Reuters tells us that Wal-Mart’s newly-announced mobile wallet project is winning the endorsements of a growing number of large merchants, precisely the type of retailers Google is hoping to attract for its own digital wallet service. Merchant Customer Exchange (MCX), as Wal-Mart’s m-wallet initiative is called (can someone please help the merchants come up with something less clunky for a name?) is not even two months old, but the rate at which it attracts participants should be worrying the search giant’s executives. After all, how likely is it that, once their own wallet is fully functional and ready to be deployed, the retail giants will be willing to let competing services into their stores?
Google Wallet had had problems gaining traction even before MCX entered the industry. In fact, the search giant’s m-wallet has been live for more than a year, but is yet to sign up a single big-box merchant. To make matters worse, anecdotal evidence suggests that smaller retailers that have signed up for the service are not really excited about it. One of them told us last week that in the eight months since they installed a point-of-sale device compatible with Google Wallet, no one has tried it. So things are not looking great for Google Wallet, and that may end up being an understatement.
21 Big Retailers Have Signed up for Wal-Mart’s Mobile Wallet
When MCX was announced in mid-August, the collaborative project featured 14 merchants, including Best Buy, Lowe’s, CVS, Shell, Sears, Target, 7-Eleven and Sunoco, in addition to Wal-Mart itself. Now that number has grown to 21 and the new additions include Gap, Bed Bath & Beyond, Dunkin’ Brands Group Inc., Dillards Inc. and convenience store operator Sheetz Inc., Reuters tells us.
There is no reason to expect that MCX will suddenly stop growing; on the contrary, its roster is likely to keep expanding. And mass is critical for MCX’s success, as Reuters reminds us:
The founders of MCX hope the burgeoning membership, including some big-name retailers, could give mobile payment the critical mass it needs to take off.
It seems to me that MCX already has reached critical mass and it needs to begin rolling out its service.
So what about Google?
Google Wallet was never able to gain any momentum, even though it had the market all for itself for a year before MCX was announced. And for a good reason: even today there are very few merchants, which have installed POS devices that are compatible with near-field communication (NFC) — the technology behind Google’s (and MCX’s, as far as we know) wallets. Moreover, there are only a handful of NFC-enabled smart phones and, famously, iPhone 5 is not one of them.
That lack of infrastructure has been, I think, the biggest obstacle to Google Wallet’s progress and the reason the search giant has been unable to capitalize on the hugely bungled attempt of three of the largest U.S. mobile carriers to create a competing service. You may remember that when Isis, as that project is called, was first announced, it was supposed to become a fully-fledged payment network, to rival Visa and MasterCard. It took some time, but the carriers eventually did realize that what they were getting themselves into was somewhat more complicated than they thought and scaled back their ambitions, blaming regulation for their misfortune and opening up their wallet to all card networks in the process. And yet, two years after it was announced, Isis still exists only in the minds of its promoters. As I’ve said before, during that time, “Isis has managed to get a number of announcements broadcast by the media, even as most of them have been distinctly news-unworthy or just plain embarrassing“.
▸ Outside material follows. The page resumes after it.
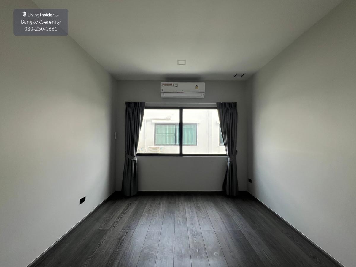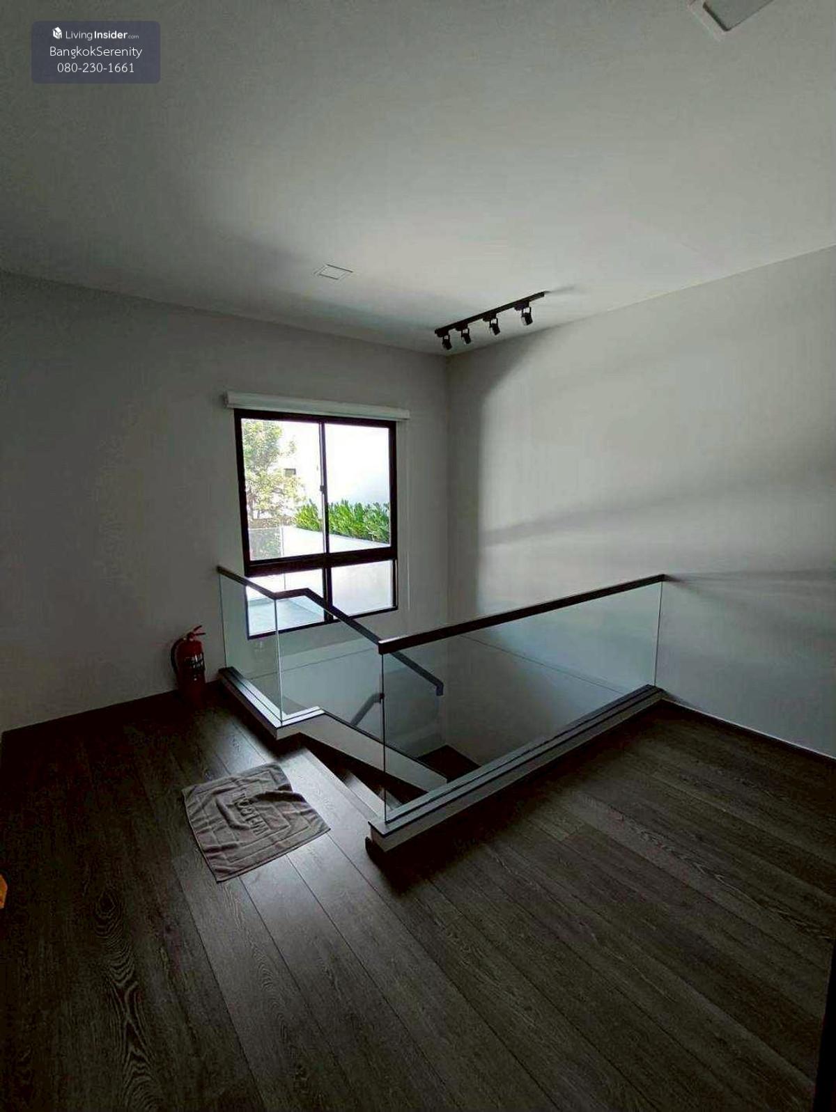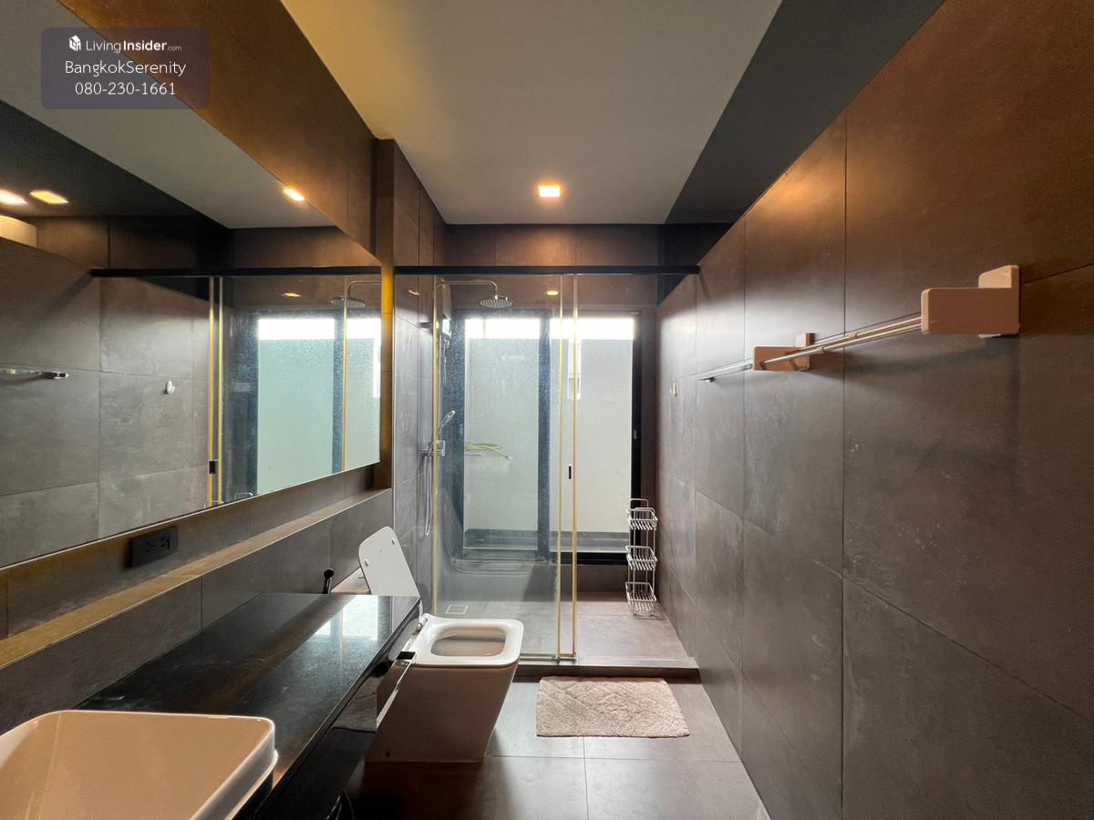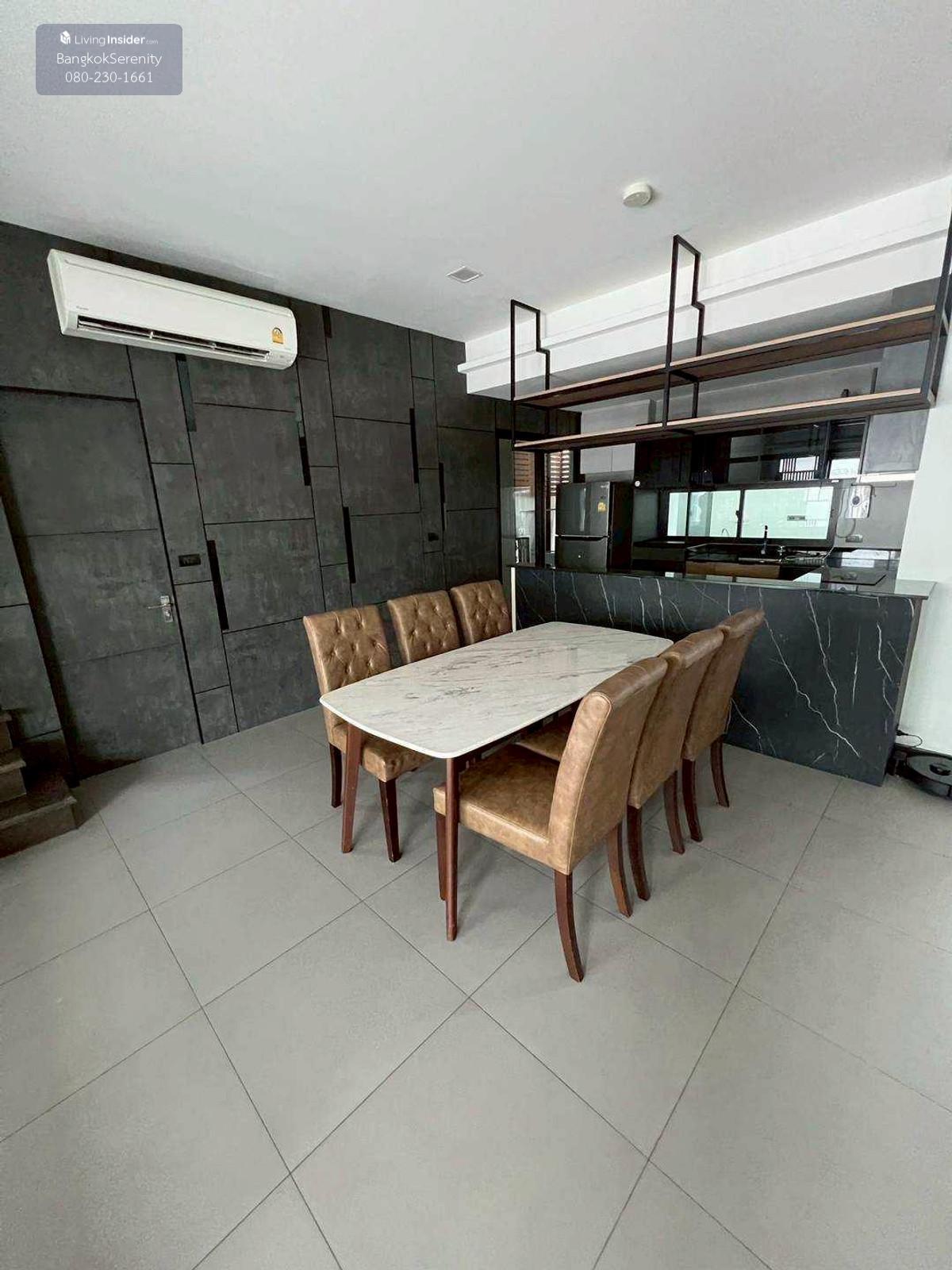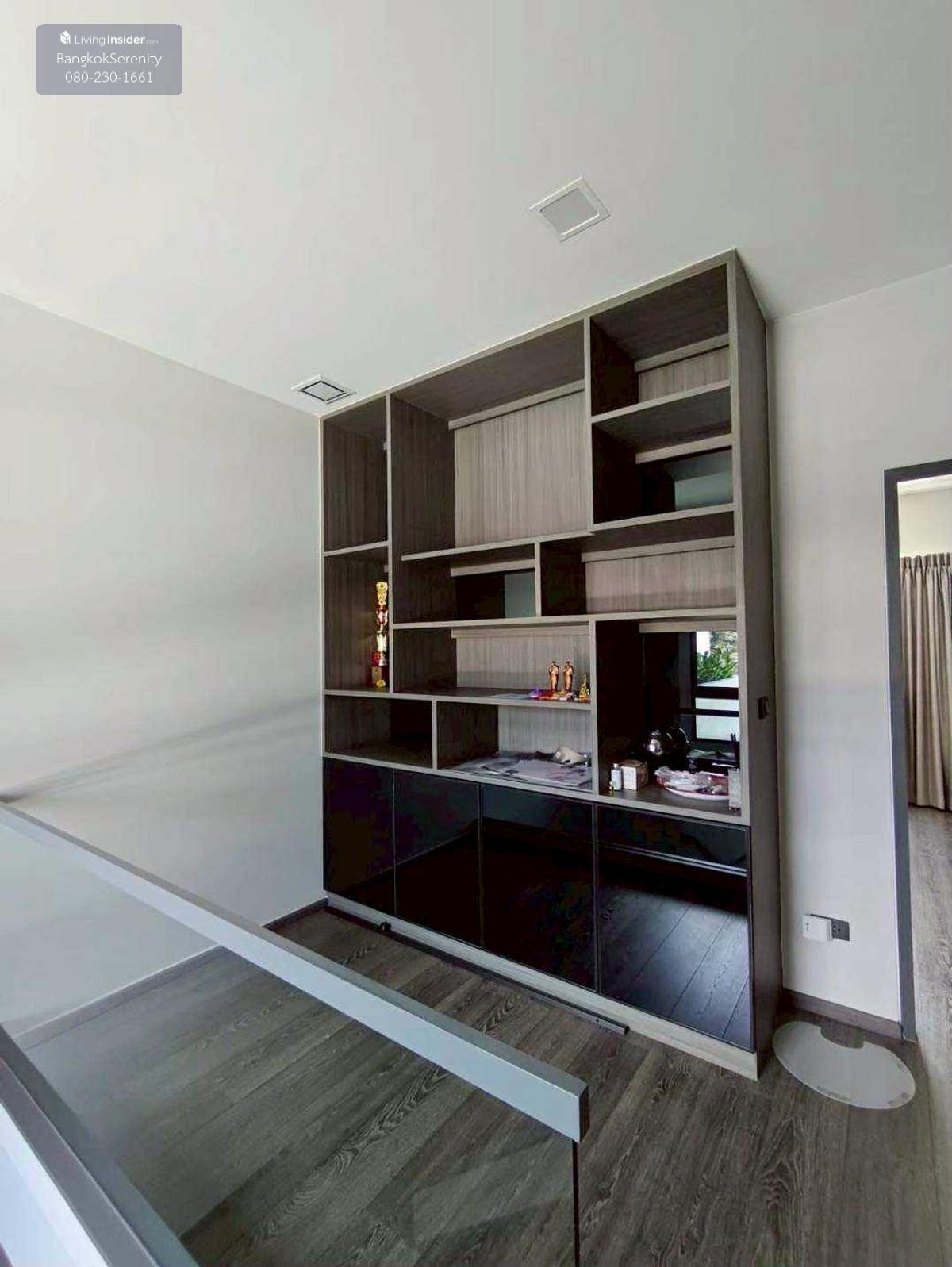 For sale and rent Vive Bangna Km. 7 - Central house facing south - Land size 40 square wah - Usable area 240 sq m - Addition of Thai kitchen in back with gas stove, hood and kitchen counter - Built-in TV shelf, bedroom and kitchen - Rent 75,000 baht per month - Sell for 14.5 million baht (Price negotiable)
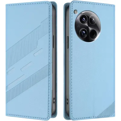 Phonesta Embossed Lines Book Wallet Case hoesje voor OnePlus 12 - Lichtblauw

And yet, Google, which has largely been spared of such embarrassments (with the exception of the quickly-fixed PIN security flaw), has been unable to benefit from its main competitor’s mishaps.
The Takeaway
So I think that at this point it’s fair to say that Google Wallet is in trouble. I expect that, whenever MCX goes live, the participating merchants will do everything they can to block Google’s wallet (and Isis, for that matter, if it ever goes live) from their checkout lanes, just as Verizon did with its customer accounts. And if Google can’t get into the big retail chains, I doubt that it could ever reach the critical mass it needs to become viable. It is conceivable that in our hypothetical scenario the search giant would take legal actions to force the merchants to open up, but it’s unclear how such a lawsuit would turn out and, in any case, it would be a protracted affair, by the end of which the merchants may have won the war. So there is a very good probability that Google Wallet will share the unhappy fate of the service it replaced — Google Checkout. And, for Wal-Mart at least, such an outcome would not come as a shock.